До него разные бывали – и выборные, и родовые, и поспособней, и наоборот, но такого мелкого еще сроду не было. И он на этот счет переживал ужасно. Ботинки всякие на тайном сверхвысоком каблуке приказывал себе изобретать – и очень любил маленьких детей, в животики их целовал, поскольку рядом с ними ощущал себя большим, великим, а больших всех ненавидел. Особенно с большим умом и сердцем, таких гнал отовсюду, виня во всяких преступных отклонениях и экстремизме.

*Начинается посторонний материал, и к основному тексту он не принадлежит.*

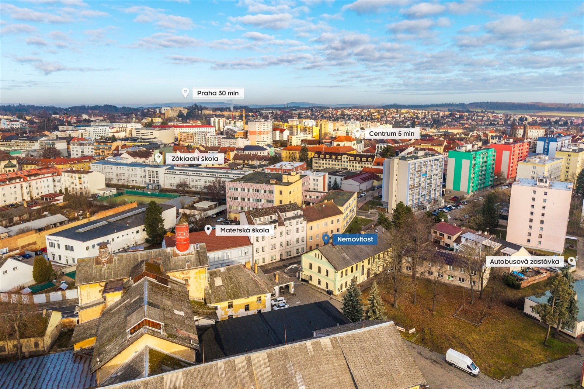 • Výborná dostupnost do Prahy (vlak, autobus, D1 cca 20 minut autem na okraj města)
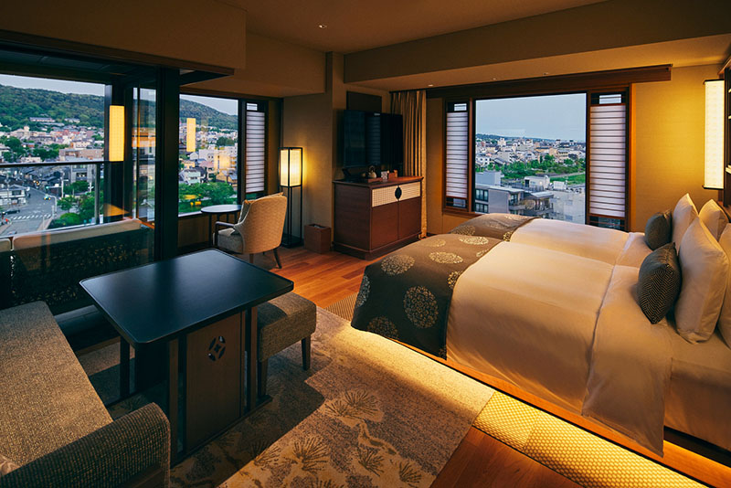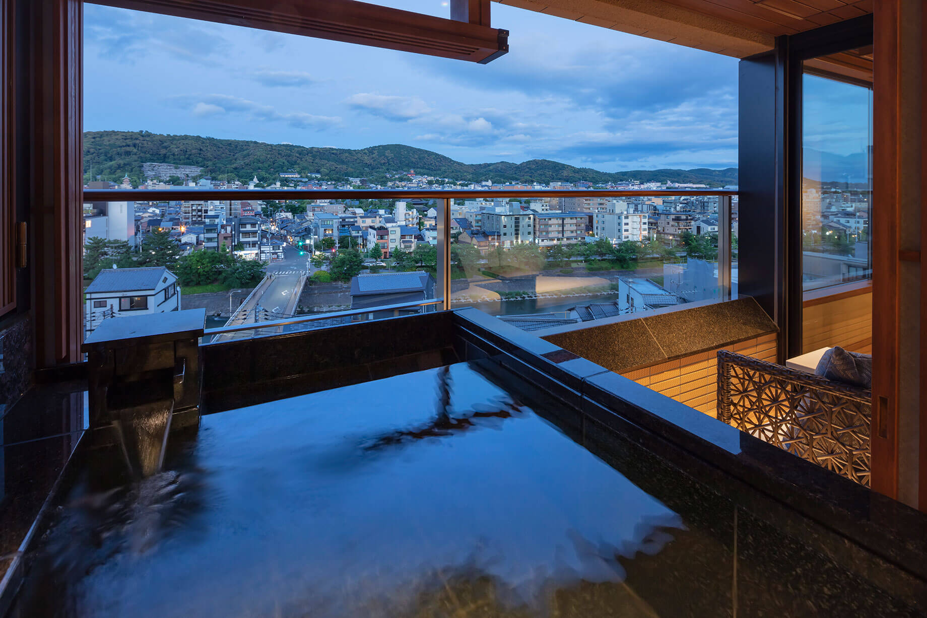 四条河原町交差点徒歩1分。京都中心部でありながら全室に自家源泉の露天風呂を備え、屋上テラスと東山の景観が織りなす唯一無二の滞在体験を。
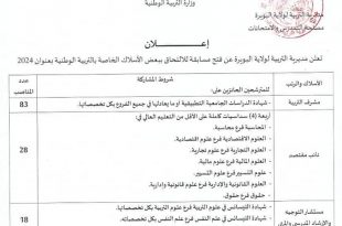 أكمل القراءة »إعلان عن توظيف بمديرية التربية لولاية تيبازة (111 منصب)
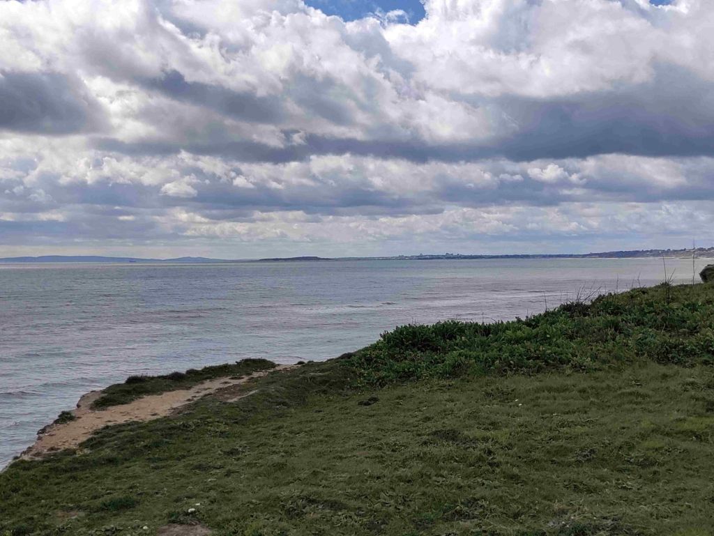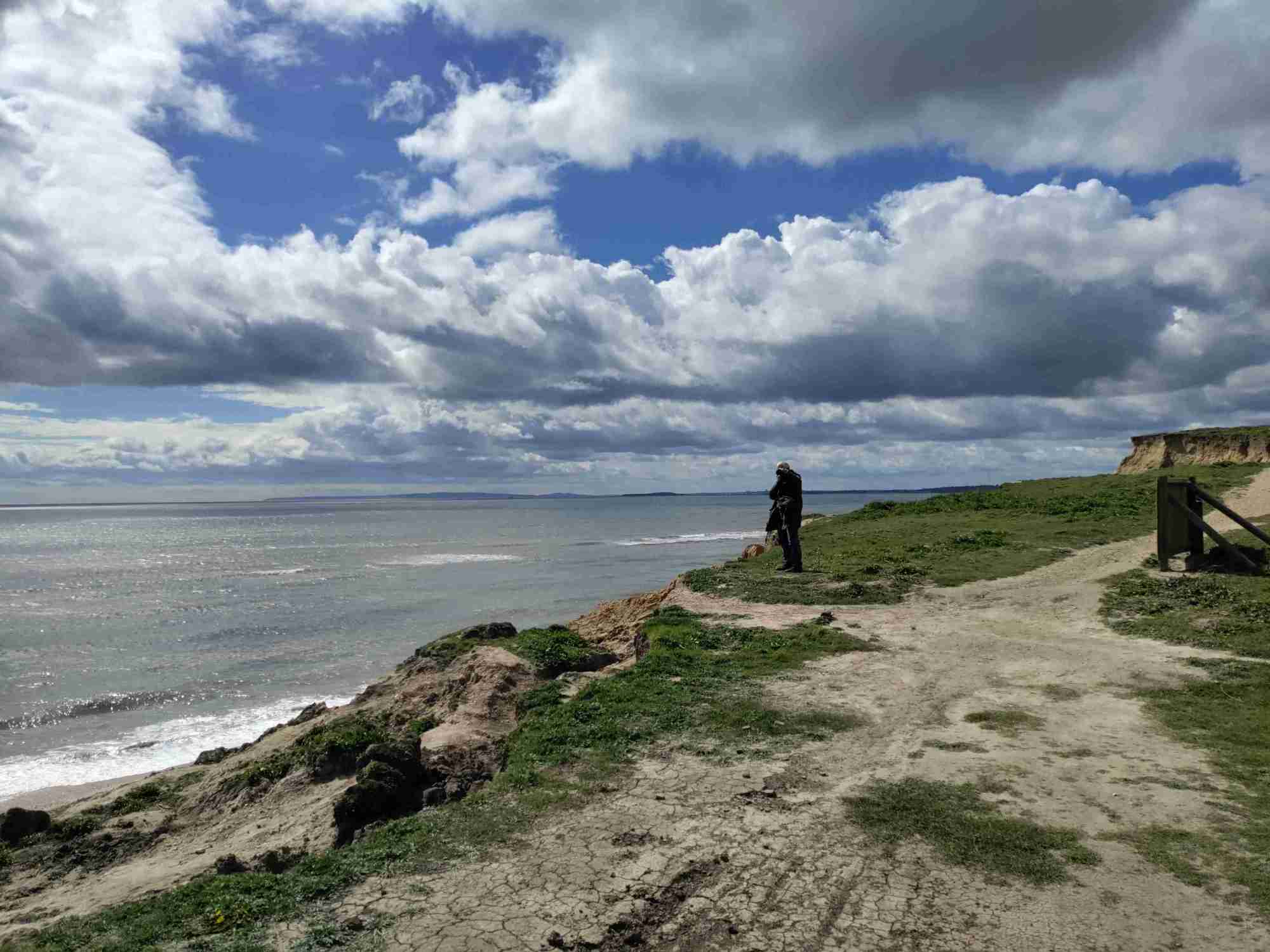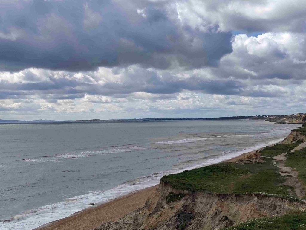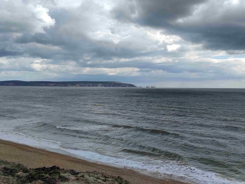 It’s windy but lovely with clear views of Isle of Wight and the Needles across the Solent. T reminds me of the defeat of the Spanish Armada describing where the English fleet hid before the battle.
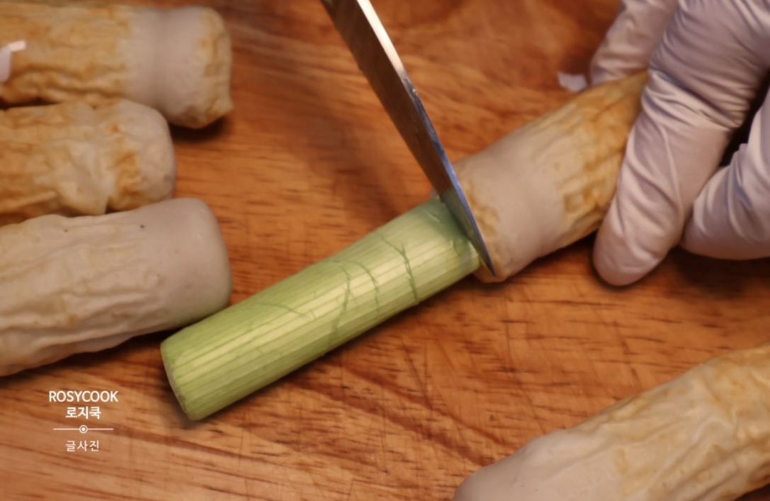 1. 먼저 대파를 어묵 길이에 맞게 썰어줍니다.
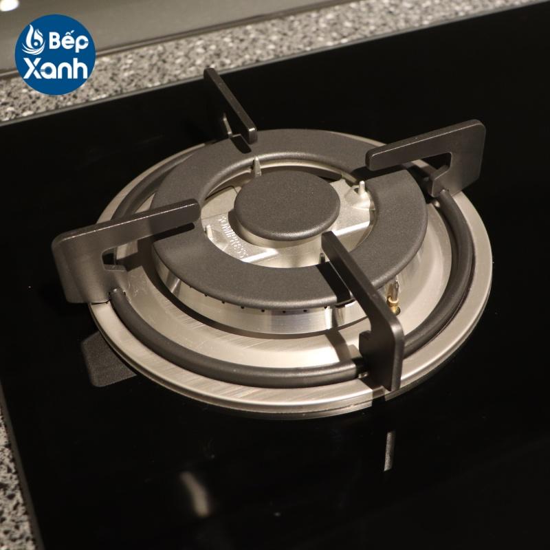 Không bị bào mòn, dùng bền bỉ. Các khe hở phân bố hợp lý giúp ngọn lửa cháy đều, xanh, ổn định. Công suất bếp 7.8 kW/h/2 lò, tiết kiệm gas.
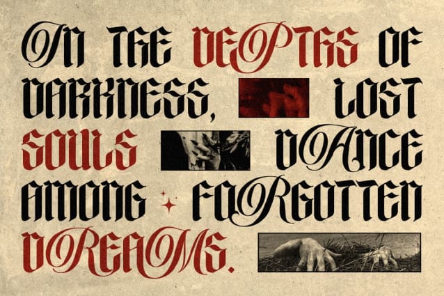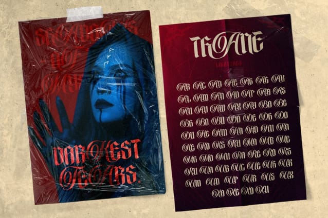 Thane Blackletter Font, our gothic hybrid font. A stunning fusion of blackletter and script. This unique typeface combines the bold, intricate lines of blackletter with the flowing grace of cursive, creating a visual harmony that captures attention. Perfect for branding, invitations, streetwear, t-shirt design or apparel, merchandise, poster, magazine and any project that demands a touch of drama, melancholy, sophistication but still have power.

А чтобы как-то лично отличиться, хвастал, что до него во всей огромной, без мигрантов еще обходившейся стране одни лапти плести могли, а он пришел – и всех обул. В шикарное, заграничное – для чего стал продавать вовсю нутро своей земли, дескать на наш век хватит, а потомки пускай как-нибудь потом назад завозят это сами. Он же не только ростом был ничтожен, но и по части всякой там заботы о грядущем тоже не гигант. А мигрантов жаловал за то, что и внешне, и умом были куда мельче своих, только глянешь – и душа поет!
И вот при всем этом стало его с годами власти, несоразмерно долгой с собственной мизерностью, терзать ощущение, что страна если не уже уходит, то вот-вот уйти может из-под ног. Думал, думал, как бы еще наддать себе величия – при этих габаритах сущей невелички, чтобы уже ни у кого на него не то что рука не поднялась, мысль даже. И надумал. Известно, что у страха глаза велики – и значит, кто его посеет, и будет всех более велик. А что есть самое на свете страшное? Война. Вот и решил он развязать ее.
Ну, с кем именно – это не суть: у любой страны, тем более с таким царишкой-невеличкой, врагов хоть отбавляй, была бы охота, как говорится, врезать с разворота. Нашел противницу подстать своей задумке быстро: не слишком маленькую, чтобы одним махом не прихлопнуть, и не слишком большую – чтобы не прихлопнула в ответ. Как раз такую, чтобы до конца века своего вести с ней нужное взаимоистребление.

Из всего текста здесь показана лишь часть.